- Required work: Leaving all pictures aside, copy exactly the lines from the start of the listing below through the line that contains "NEWDOOR(ニュードア)", and only those lines.
(Beginning of Data provided)
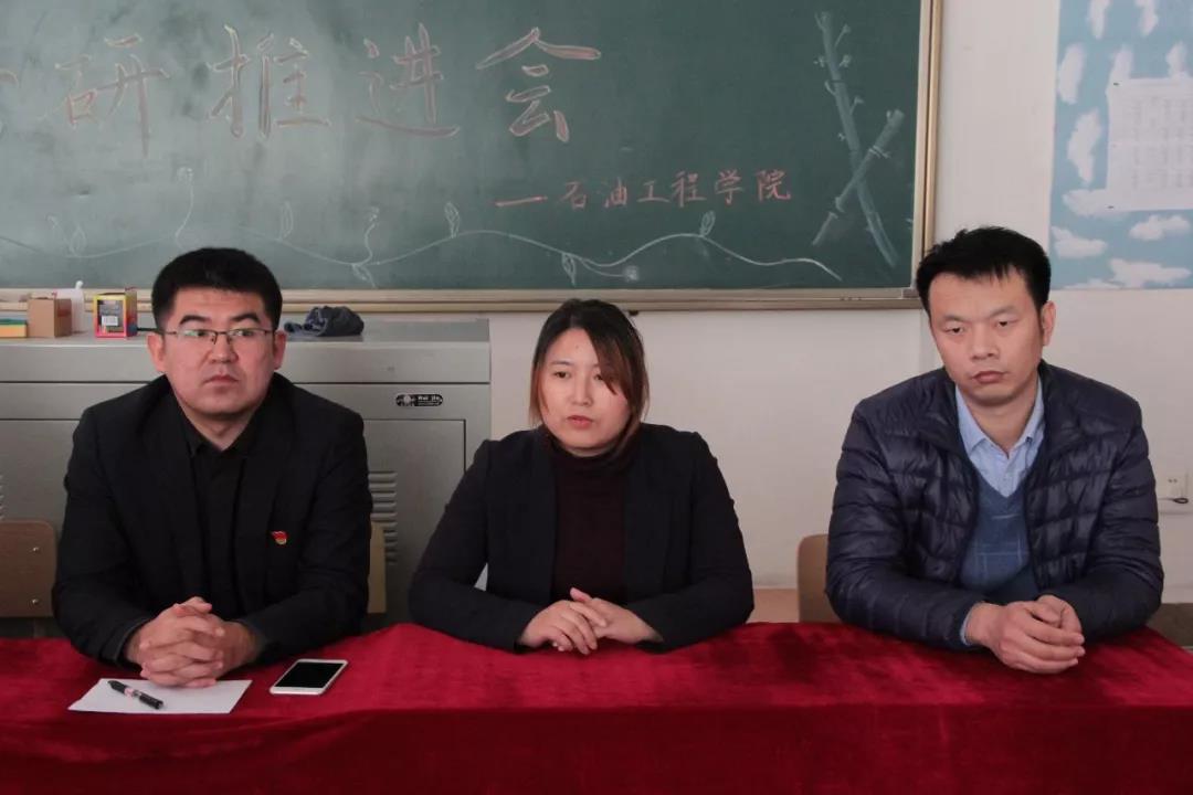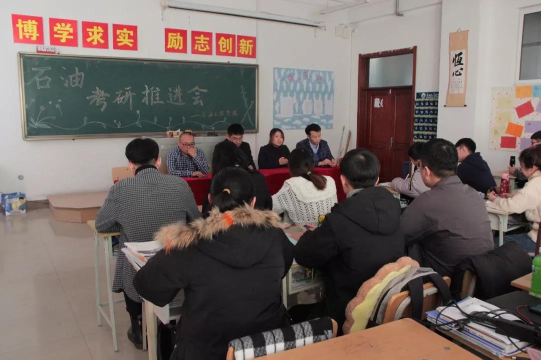 为更进一步提升我院人才培养质量,扎实推进学生考研工作,12月18日,石油工程学院召开2017级学生考研工作推进会,副院长李岳祥、石油工程系主任张国芳、石油工程教研室主任王国库、教师代表程铭参加会议。
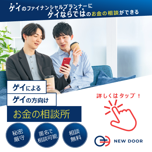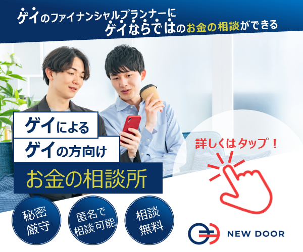 NEWDOOR(ニュードア)は、ゲイ(男性同性愛者)に特化したお金の相談所です。
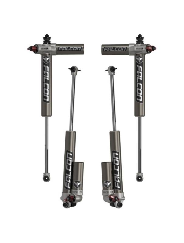 Teraflex Falcon Series 3.3 Fast Adjust Piggyback Shocks offer a wide range of adjustability with their easy to use 3-position Fast Adjust Knob. Settings include Soft, Custom, and Firm. The Custom setting incorporates an 8-Position Dial for more precise tuning.
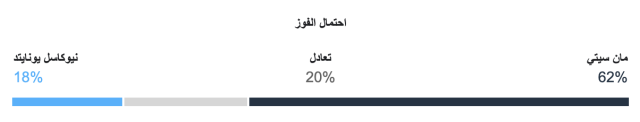 نسبة فوز مانشستر سيتي 62%، ونسبة فوز نيوكاسل يونايتد 18%، ونسبة التعادل 20%.
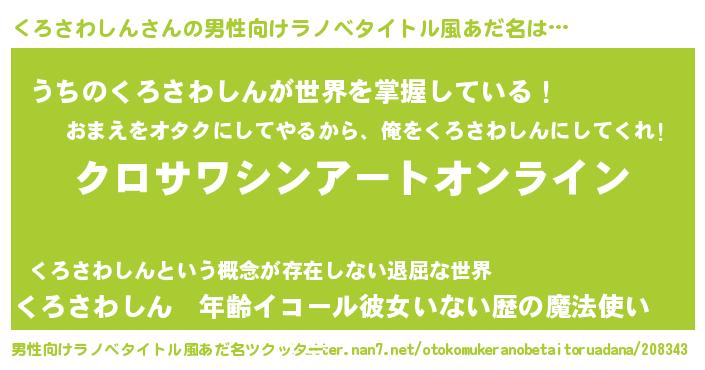 | 胡散臭い通販商品みたいなあだ名 | 『億万長者になれる霊験あらたかなお札…その名も「くろさわしん」』 |
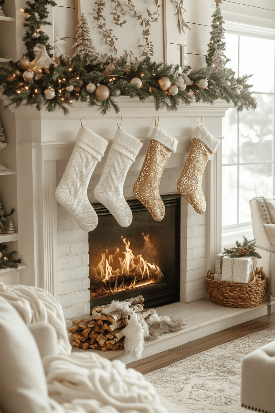 Clean white and gold elements bring calm sophistication to your fireplace design. Simple stockings and streamlined garlands create a polished foundation. Metallic accents add warmth that balances the crisp palette. The final look feels modern, minimal, and delightfully serene.
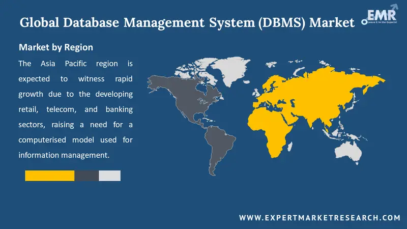 Key Insight: North America remains a dominant player in the global market, supported by its mature technology landscape and the presence of leading cloud providers. As businesses in North America increasingly adopt AI, big data analytics, and IoT technologies, the demand for scalable, secure database solutions continues to rise. The European database management system (DBMS) industry growth is driven by strong regulatory frameworks and the adoption of GDPR, emphasizing data protection and privacy. Asia Pacific is expected to see the fastest growth, driven by digitalization and the rising demand for big data analytics across emerging markets.
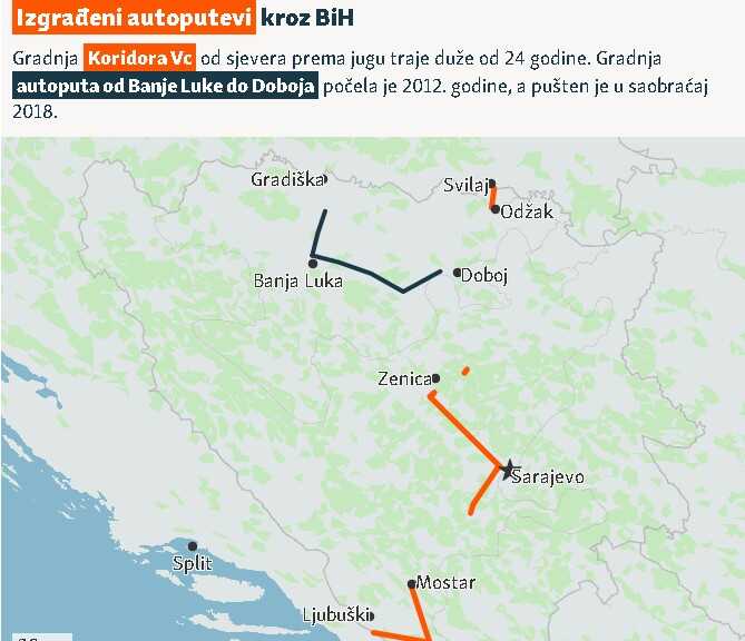 U BiH je izgrađeno oko 250 kilometara autoceste, u usporedbi s više od 1.300 kilometara u Hrvatskoj i oko 1.000 kilometara u Srbiji.
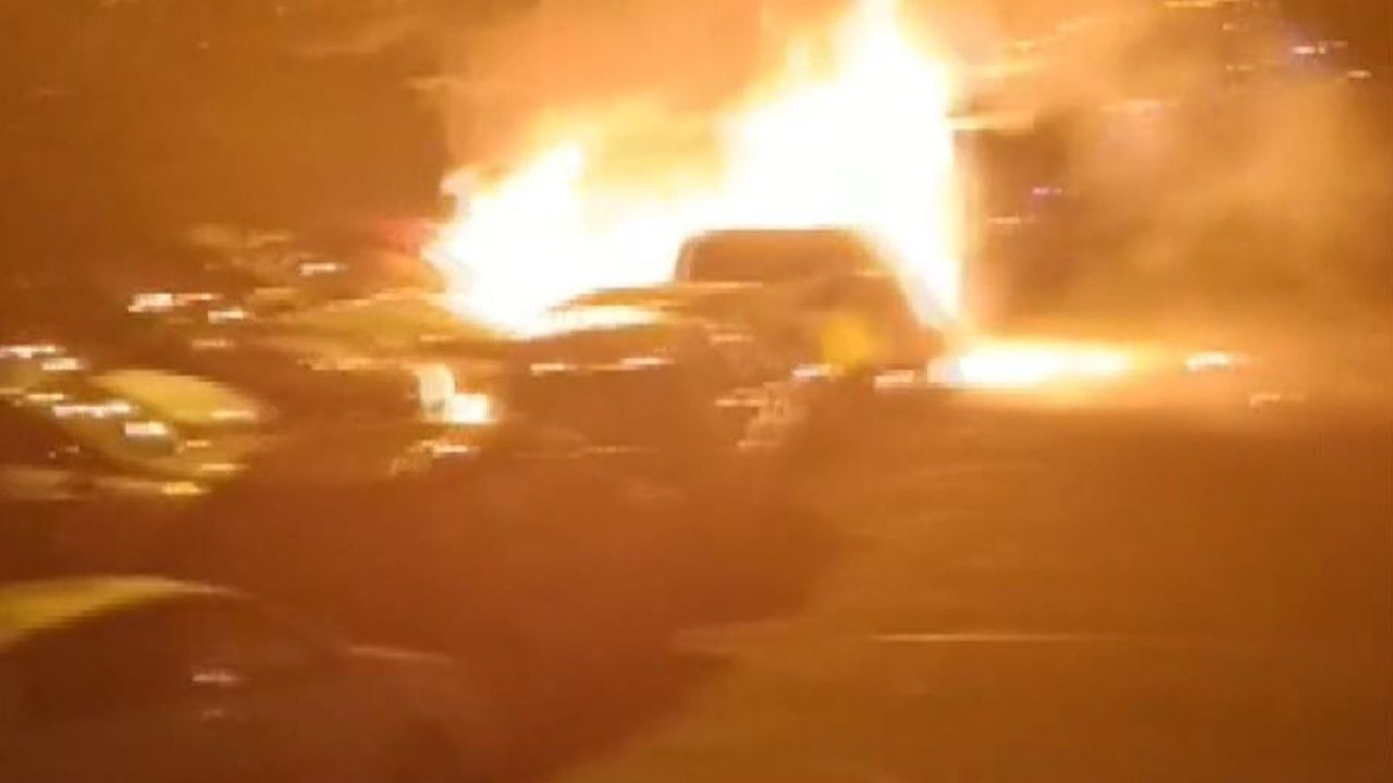 Öte yandan araçlardan yükselen alevler, cep telefonu görüntülerine yansıdı. Görüntülerde, alevlerin yükseldiği anlarda bir otomobilde patlama olduğu görülüyor.
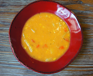 In a stockpot, steamfry (Do not use oil! Add a bit of water or veggie broth if the pan gets dry) onions for 5 minutes. Add carrots and bell peppers to the onions and cook for about 7 minutes, until onions are translucent. Add thyme, black pepper, salt, and cayenne. Steamfry for one more minute. Add veggie broth, corn, potatoes, and bay leaf. Cover and bring to a boil. Then, lower the heat and simmer for 30 minutes, until potatoes are tender. Blend half of the soup in a high-speed blender until very smooth. This will be the base of the soup. Add the blended soup to remaining soup in the pot. Stir well. Serve!
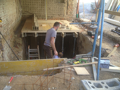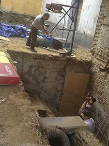 Innenhof vor dem Brauhaus: Verschalungs- und Armierungsarbeiten für die neu zu gießende Decke bzw. Bodenplatte über dem Keller des Brauhauses.
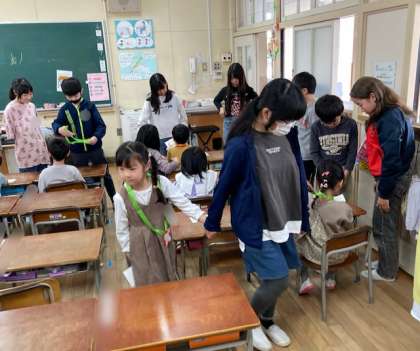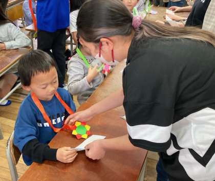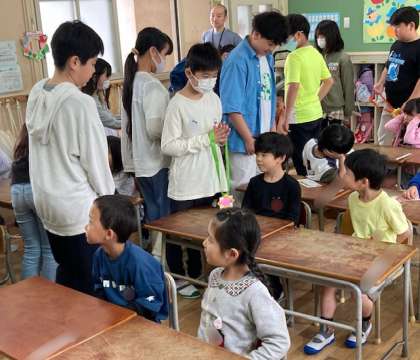 1年生の入学を祝う会を児童会が企画して行いました。まず、6年生が作ったメダルを1年生に渡しました。1年生は自分の名前を書いたカードを渡しました。初めて6年生に会うのでドキドキしましたが、6年生はとても優しく頼りになります。6年生と1年生が手をつないで、いよいよ入場です。
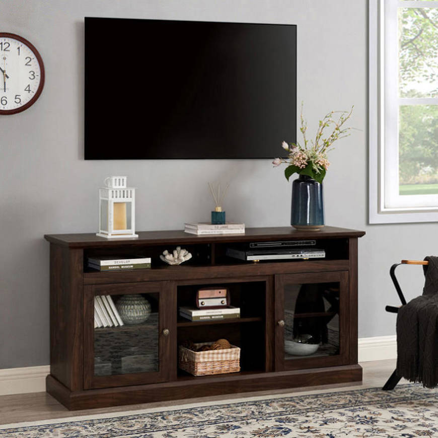 Dimensions: 60''W*15.75''D*29''H Largest TV Size: 65'' Body Color: Brown Material: MDF + PB Number of Cable Management Cutouts: 5 Number of Adjustable Shelfs: 3
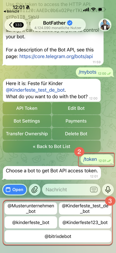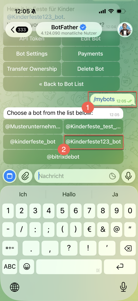 1–2. Geben Sie den Befehl /mybots ein und wählen Sie den Bot aus.
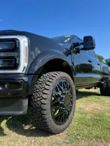 No blackout build would be complete without the right wheel and tire setup, and this Ford F-450 delivers in a big way. Sitting on a stunning set of JTX Forged wheels, this truck wears its attitude proudly. These wheels are not only engineered for extreme strength, but they also bring a level of visual craftsmanship that sets them apart from mass-produced alternatives. Precision-cut from forged aluminum, they offer reduced unsprung weight and increased durability—perfect for a truck that’s expected to perform. Wrapped around these powerhouse wheels are Fury Country Hunter R/T tires, which blend the best traits of rugged off-road traction with the smooth ride of a highway tire. These tires are built for versatility, offering confident performance whether you’re climbing a muddy trail or towing a heavy load on the interstate. Together, the wheels and tires provide unmatched performance, both on-road and off.
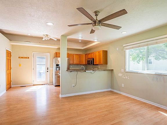 This charming 2-bedroom home features spacious walk-in closets in both bedrooms. The primary bedroom closet even includes laundry hookups—washer and dryer are included! The second bedroom makes a great option for a home office or craft room. Enjoy the open-concept layout of the kitchen, dining, and living areas. The kitchen comes fully equipped with all appliances, and the bathroom features a convenient step-in shower. Step outside to the patio area between the house and garage—perfect for grilling or relaxing. The yard space to the east allows for easy gardening with water line availability. Don’t miss the oversized garage, built in 2011, with over 1,000 square feet of space. The west stall has been used as a workshop. It includes an abundance of outlets and electric heat. The entire garage is insulated, making it both functional and versatile year-round. The expansive driveway allows versatility for parking recreational vehicles and trailers
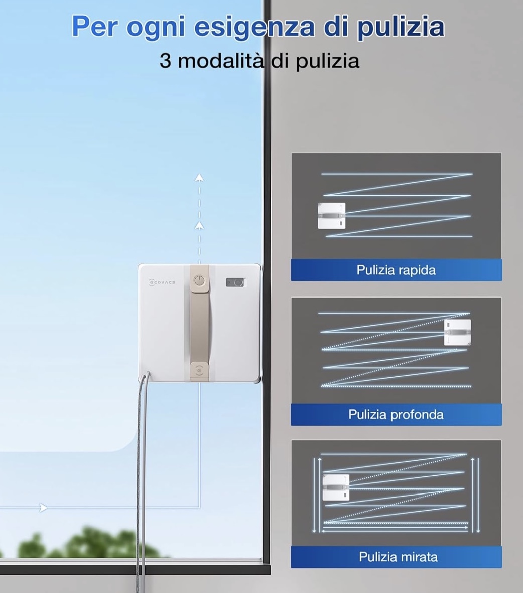 Lo abbiamo visto all’opera all’evento di presentazione di Febbraio di Ecovacs ed è stata una piccola rivelazione per chi, avendo vetrate di una buona dimensioni e difficili o scomode da raggiungere vuole semplificare e velocizzare il lavoro di pulizia nella massima sicurezza.
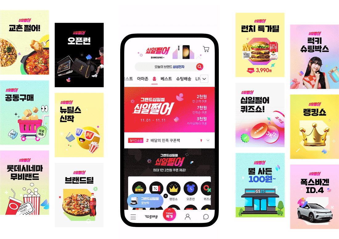 브랜드 딜, 공동구매 등 그랜드 십일절과 연계되는 주요 프로모션과 디자인 결을 맞추는 작업을 진행합니다.
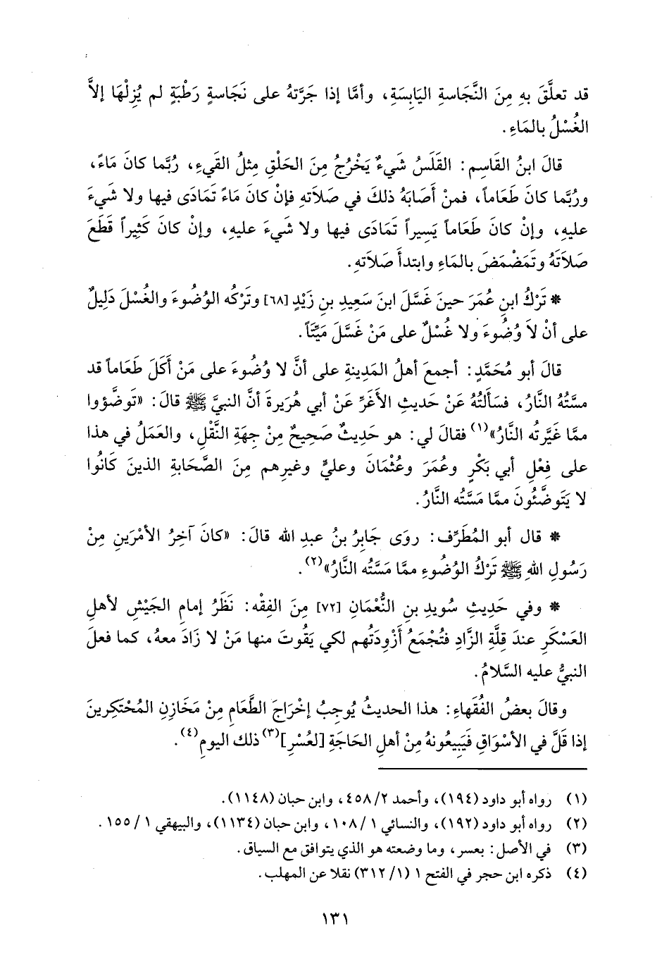 * قال أبو المُطَرِّف: روَى جَابِرُ بنُ عبدِ الله قالَ: "كانَ آخِرُ الأمْرَينِ مِنْ رَسُولِ اللهِ - صلى الله عليه وسلم - تَرْكُ الوُضُوءِ مما مَسَّتُه النَّارُ" (¬2).
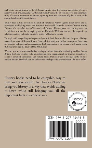 Delve into the captivating world of Roman Britain with this concise exploration of one of history's most intriguing eras. In this meticulously researched book, uncover the remarkable story of Roman occupation in Britain, spanning from the invasions of Julius Caesar to the eventual decline of Roman influence. Journey back in time to witness the clash of cultures as Roman legions march across ancient landscapes, establishing towns and fortresses that would shape the course of British history. Discover the everyday lives of Romans and Britons alike-explore the bustling streets of Londinium, witness the strategic genius of Hadrian's Wall, and uncover the mysteries of religious practices and social structures in this richly diverse society. Through vivid storytelling and expert analysis, this book breathes life into the past, offering a nuanced portrayal of Roman Britain. From political intrigue to military conquests, from trade networks to technological advancements, this book paints a vivid picture of a dynamic period that forever altered the course of the British Isles. Whether you are a history enthusiast or simply curious about the fascinating world of Roman Britain, this book promises to be an enlightening and engaging read, inviting you to rediscover an era of conquest, innovation, and cultural fusion that continues to resonate in the fabric of modern Britain. Step back in time and uncover the legacy of Rome in Britain like never before.
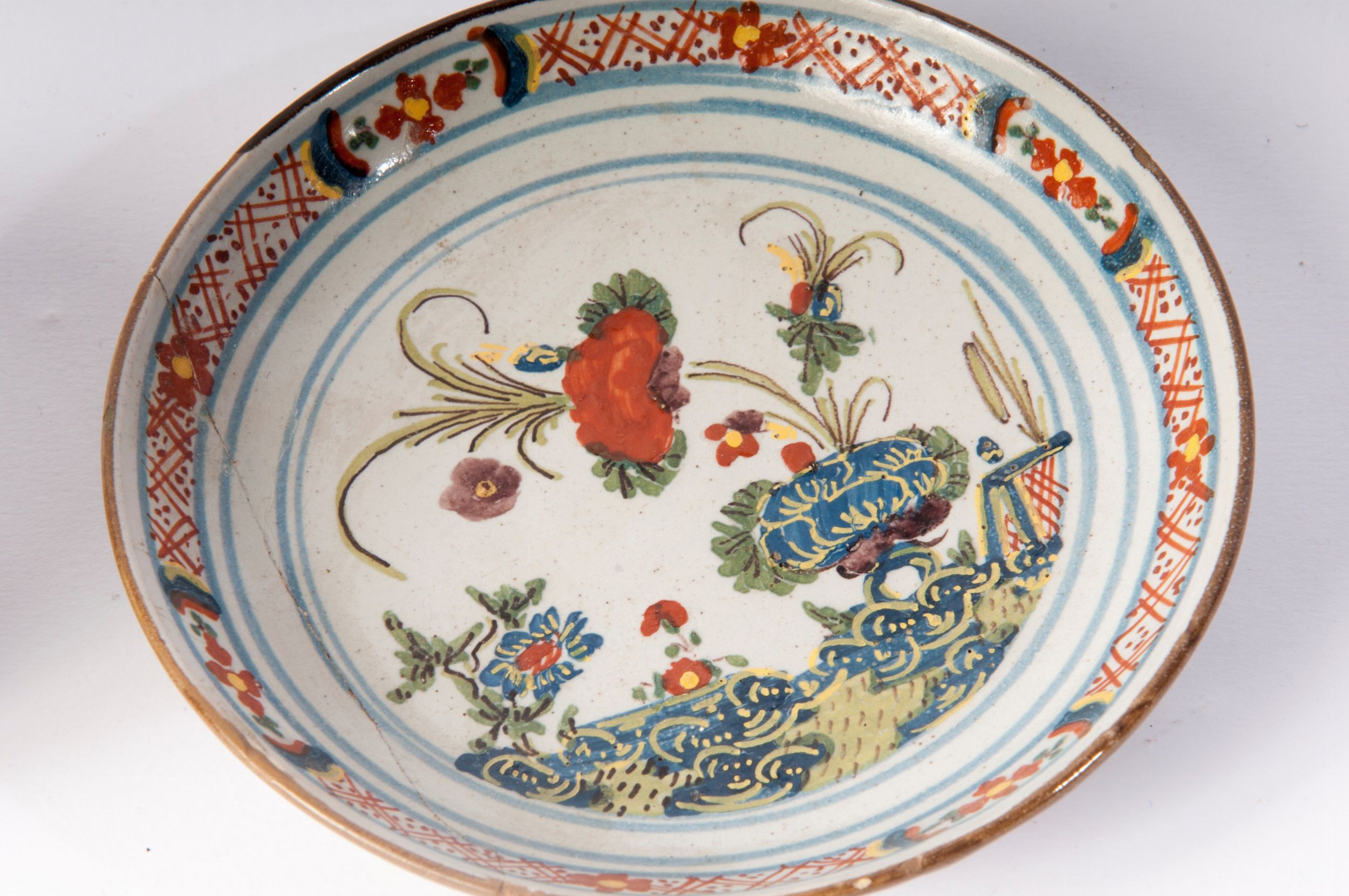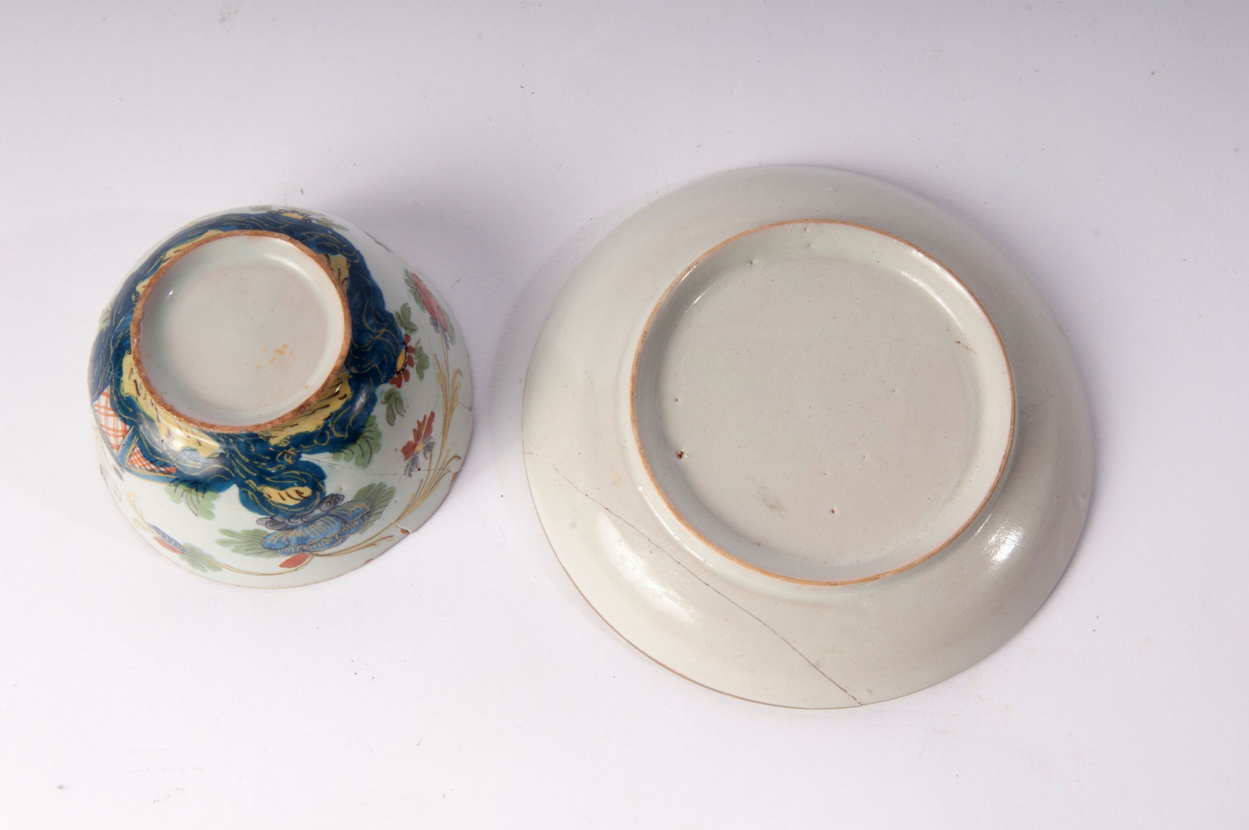 seconda metà XVIII secolo in ceramica policroma delle quali: tazza a campana con piatto en suite, decoro 'a garofano' 5,5 x 7,5 cm e 12,4 x 3 cm; tazza a litron con presa ad orecchio e piatto en suite, decorazione in monocromia a fiori verdi su fondo bianco 6 x 6 cm e 12 x 2,5 cm , manifattura Ferniani, seconda metà XVIII secolo Stato di conservazione: restauri e mancanze
(End of Data provided)
- Output:
 为更进一步提升我院人才培养质量,扎实推进学生考研工作,12月18日,石油工程学院召开2017级学生考研工作推进会,副院长李岳祥、石油工程系主任张国芳、石油工程教研室主任王国库、教师代表程铭参加会议。
 NEWDOOR(ニュードア)は、ゲイ(男性同性愛者)に特化したお金の相談所です。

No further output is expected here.